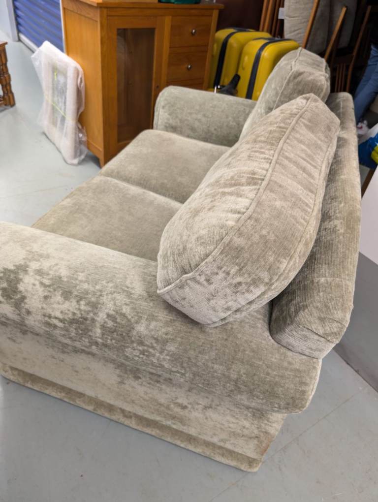Two seater sofa in good condition no longer needed, it has been in a storage unit for the past year and would need a clean to freshen it up. It did have wheels but we haven't found them as yet but free for collection from the storage unit.
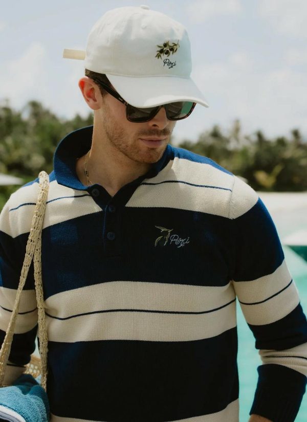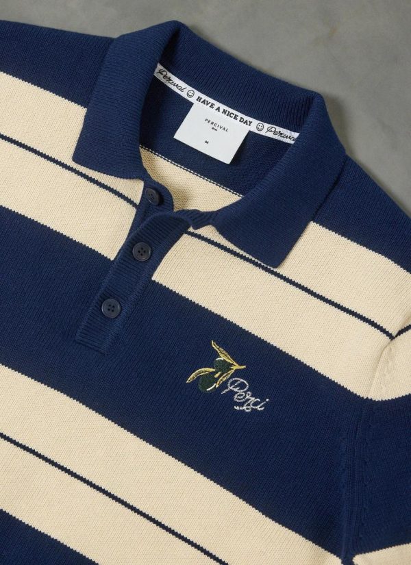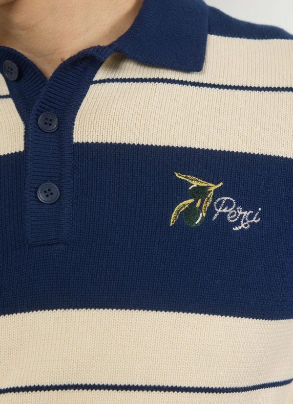 Part of the Percival Spring Summer 2025 collection, striped knit polo. Heavy weight quality cotton knit, vintage but classic, a never out of style, style. Embroidered with hand drawn olives at chest. Percival Spring Summer 2025, inspired by Italian food, people, style. Full flavour, full Perci pomodoro, the sauce of good fits. Add two legs of Percival denim, serve fresh.
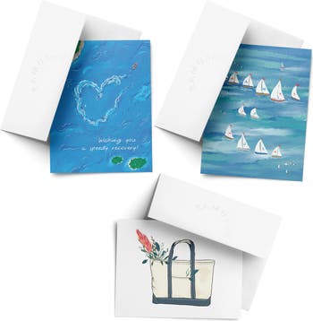 Sympathy Greeting Card Pack Sets (3 ct, Assorted) Speedy Recovery Boat, Regatta Thanks, Tote Flowers
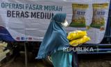 Warga membawa beras kualitas medium saat operasi pasar beras medium di Lapangan Gasmin, Jalan Purwakarta, Antapani, Kota Bandung, Provinsi Jawa Barat, Rabu (22/2/2023). Pemerintah Kota Bandung bersama Bulog Kota Bandung dan Bank Indonesia menggelar operasi pasar yang menyediakan beras medium sebanyak 20 ton per kecamatan dengan harga Rp8.500 per kilogram atau Rp42.500 per kemasan lima kilogram. Operasi pasar tersebut diharapkan dapat membantu masyarakat menjelang bulan Ramadhan serta upaya menekan kenaikan harga beras di Kota Bandung. (FOTO : ABDAN SYAKURA/REPUBLIKA)
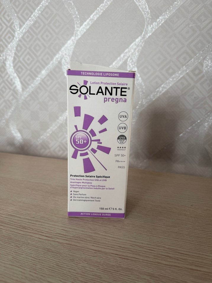 Solante Pregna, SPF 50+ ile UVA, UVB ve UVC ışınlarına karşı yüksek koruma sağlar. Hassas ciltler için uygun, uzun süre etkili 150 ml güneş koruyucu losyon. Işıkta ne kadar kaldığı görünüyor. Gebelik güneş kremi.
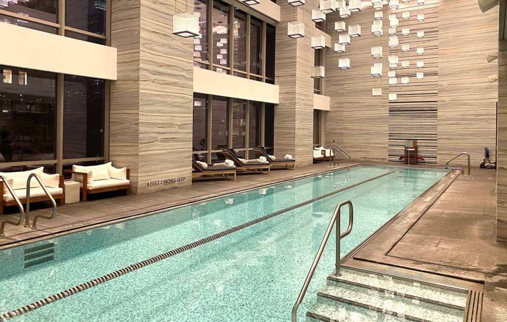 En mi opinión, lo mejor de la experiencia en Park Hyatt New York es el área de piscina y gimnasio ubicada encima de todas las habitaciones del hotel en el edificio.
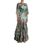 Dolce & Gabbana Blue Floral Print Tiered Long Maxi Dress
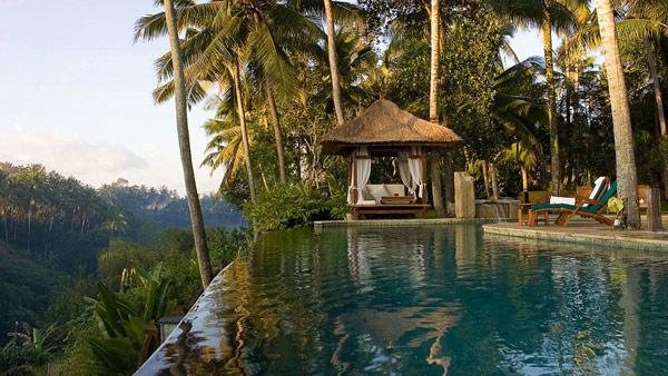 Some of the features of the resort include a bar with a famous collection of scotches and cognacs, a restaurant serving a contemporary French menu influenced by exotic Asian flavors, a Spa offering sublime views of the Petanu River valley, a conference room, a gymnasium and a helicopter pad. Even though the uniqueness and charm of this resort derives from its secluded nature, for visitors wanting to experience local culture, the village of Ubud lies just minutes away.
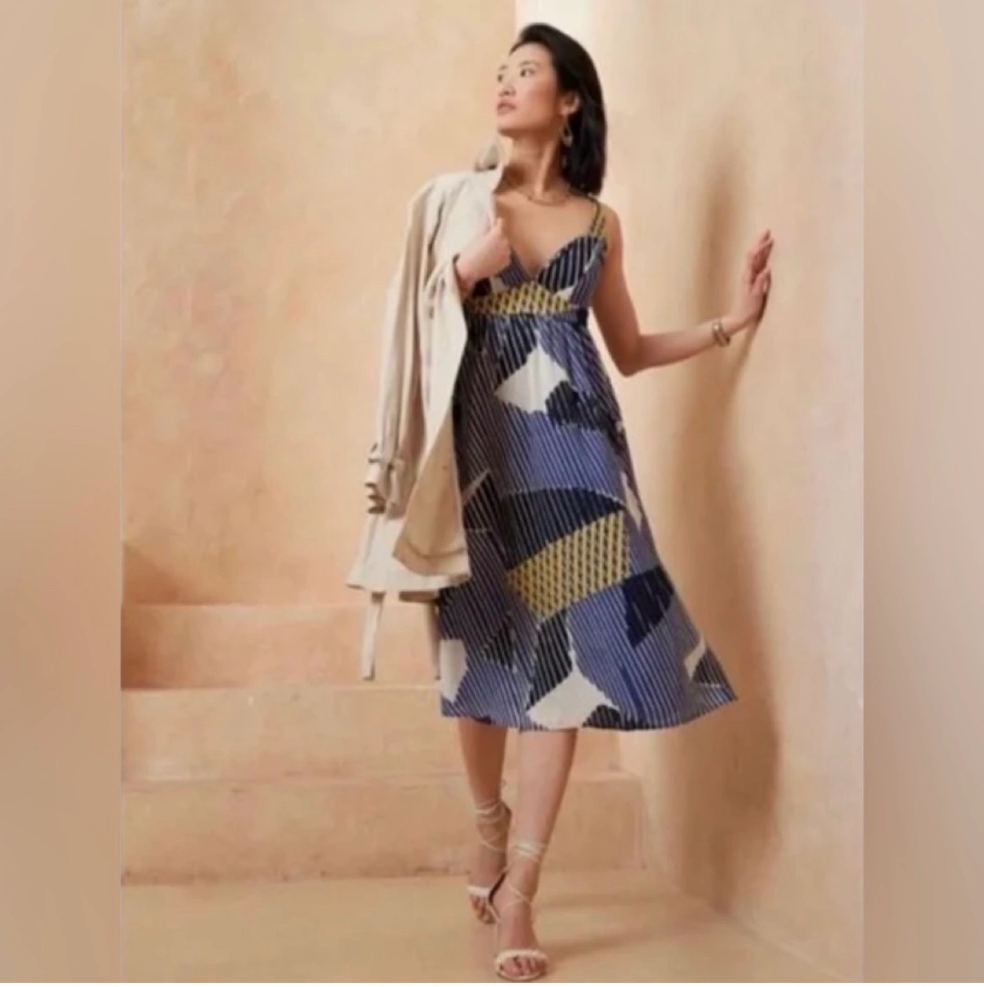 Banana Republic Factory summer dress. It shows a lot of cleavage as I’ve got bigger boobs and I didn’t love the look on me. But a very classy dress that can be dressed up or down.
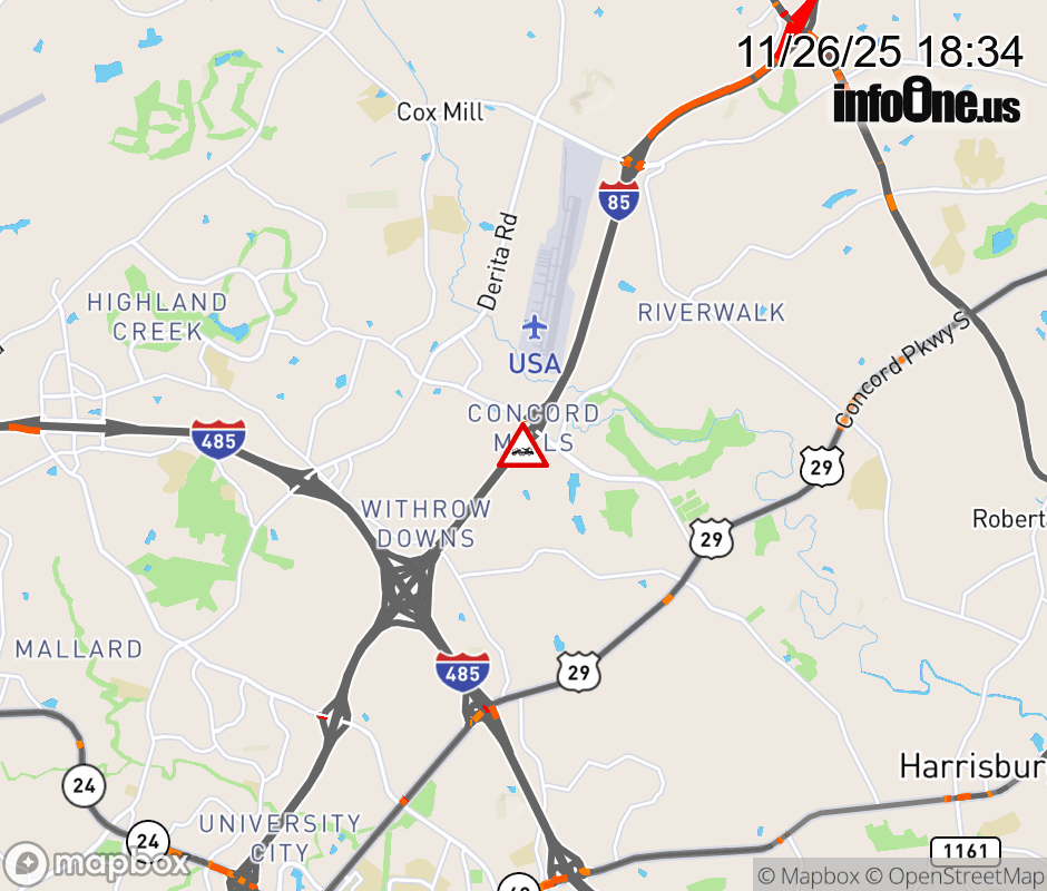 The left ramp lane is closed at Exit 49(Bruton Smith Blvd.). ![]() |
****************************************
# WORK REQUIRED
A verbatim reproduction of each entry is expected, with every picture omitted.

# ANSWER BOX
Two seater sofa in good condition no longer needed, it has been in a storage unit for the past year and would need a clean to freshen it up. It did have wheels but we haven't found them as yet but free for collection from the storage unit.
 Part of the Percival Spring Summer 2025 collection, striped knit polo. Heavy weight quality cotton knit, vintage but classic, a never out of style, style. Embroidered with hand drawn olives at chest. Percival Spring Summer 2025, inspired by Italian food, people, style. Full flavour, full Perci pomodoro, the sauce of good fits. Add two legs of Percival denim, serve fresh.
 Sympathy Greeting Card Pack Sets (3 ct, Assorted) Speedy Recovery Boat, Regatta Thanks, Tote Flowers
 Warga membawa beras kualitas medium saat operasi pasar beras medium di Lapangan Gasmin, Jalan Purwakarta, Antapani, Kota Bandung, Provinsi Jawa Barat, Rabu (22/2/2023). Pemerintah Kota Bandung bersama Bulog Kota Bandung dan Bank Indonesia menggelar operasi pasar yang menyediakan beras medium sebanyak 20 ton per kecamatan dengan harga Rp8.500 per kilogram atau Rp42.500 per kemasan lima kilogram. Operasi pasar tersebut diharapkan dapat membantu masyarakat menjelang bulan Ramadhan serta upaya menekan kenaikan harga beras di Kota Bandung. (FOTO : ABDAN SYAKURA/REPUBLIKA)
 Solante Pregna, SPF 50+ ile UVA, UVB ve UVC ışınlarına karşı yüksek koruma sağlar. Hassas ciltler için uygun, uzun süre etkili 150 ml güneş koruyucu losyon. Işıkta ne kadar kaldığı görünüyor. Gebelik güneş kremi.
 En mi opinión, lo mejor de la experiencia en Park Hyatt New York es el área de piscina y gimnasio ubicada encima de todas las habitaciones del hotel en el edificio.
 Dolce & Gabbana Blue Floral Print Tiered Long Maxi Dress
 Some of the features of the resort include a bar with a famous collection of scotches and cognacs, a restaurant serving a contemporary French menu influenced by exotic Asian flavors, a Spa offering sublime views of the Petanu River valley, a conference room, a gymnasium and a helicopter pad. Even though the uniqueness and charm of this resort derives from its secluded nature, for visitors wanting to experience local culture, the village of Ubud lies just minutes away.
 Banana Republic Factory summer dress. It shows a lot of cleavage as I’ve got bigger boobs and I didn’t love the look on me. But a very classy dress that can be dressed up or down.
 The left ramp lane is closed at Exit 49(Bruton Smith Blvd.). ![]() |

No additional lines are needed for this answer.